== Aim of the task ==
The records that follow should be returned exactly, pictures excluded.

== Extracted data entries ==
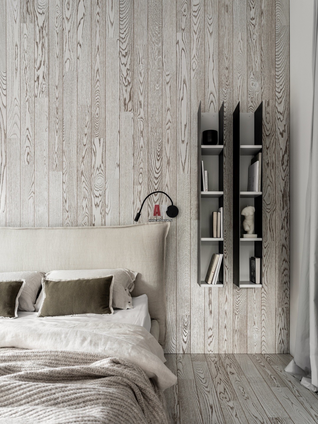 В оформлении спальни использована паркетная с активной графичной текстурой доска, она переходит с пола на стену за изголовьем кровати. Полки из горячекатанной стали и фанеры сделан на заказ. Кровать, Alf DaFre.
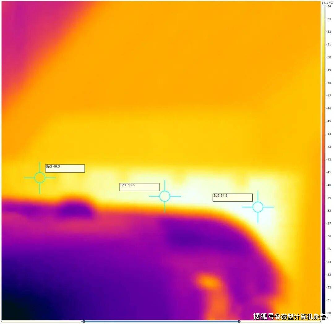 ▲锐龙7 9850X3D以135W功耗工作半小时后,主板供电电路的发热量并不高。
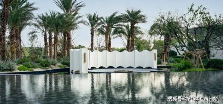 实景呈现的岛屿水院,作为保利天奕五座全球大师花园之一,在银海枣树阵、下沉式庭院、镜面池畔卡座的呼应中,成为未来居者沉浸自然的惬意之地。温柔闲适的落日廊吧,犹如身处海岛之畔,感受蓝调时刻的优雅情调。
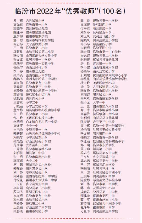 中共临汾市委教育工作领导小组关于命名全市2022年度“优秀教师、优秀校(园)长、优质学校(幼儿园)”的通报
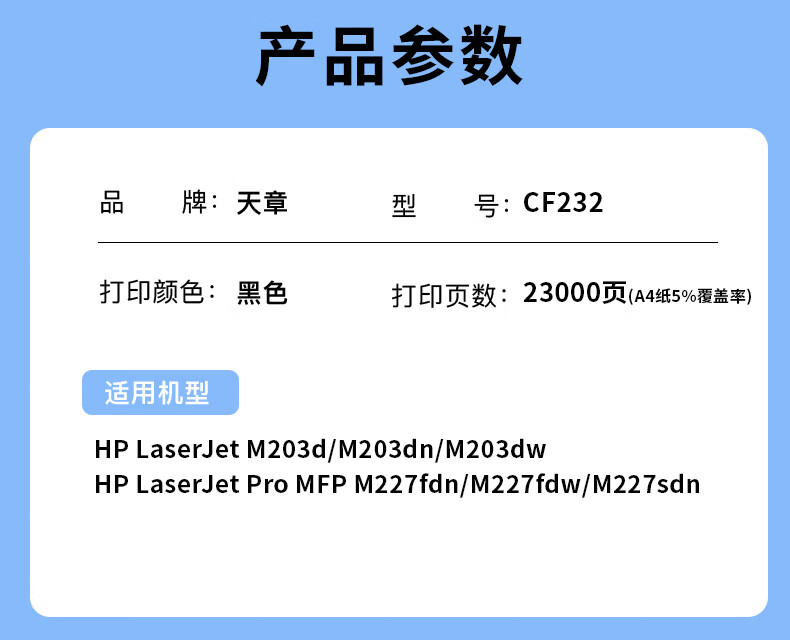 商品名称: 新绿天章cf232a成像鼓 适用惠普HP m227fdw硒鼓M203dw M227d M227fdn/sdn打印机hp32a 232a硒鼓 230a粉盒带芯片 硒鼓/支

== Answer box ==
 В оформлении спальни использована паркетная с активной графичной текстурой доска, она переходит с пола на стену за изголовьем кровати. Полки из горячекатанной стали и фанеры сделан на заказ. Кровать, Alf DaFre.
 ▲锐龙7 9850X3D以135W功耗工作半小时后,主板供电电路的发热量并不高。
 实景呈现的岛屿水院,作为保利天奕五座全球大师花园之一,在银海枣树阵、下沉式庭院、镜面池畔卡座的呼应中,成为未来居者沉浸自然的惬意之地。温柔闲适的落日廊吧,犹如身处海岛之畔,感受蓝调时刻的优雅情调。
 中共临汾市委教育工作领导小组关于命名全市2022年度“优秀教师、优秀校(园)长、优质学校(幼儿园)”的通报
 商品名称: 新绿天章cf232a成像鼓 适用惠普HP m227fdw硒鼓M203dw M227d M227fdn/sdn打印机hp32a 232a硒鼓 230a粉盒带芯片 硒鼓/支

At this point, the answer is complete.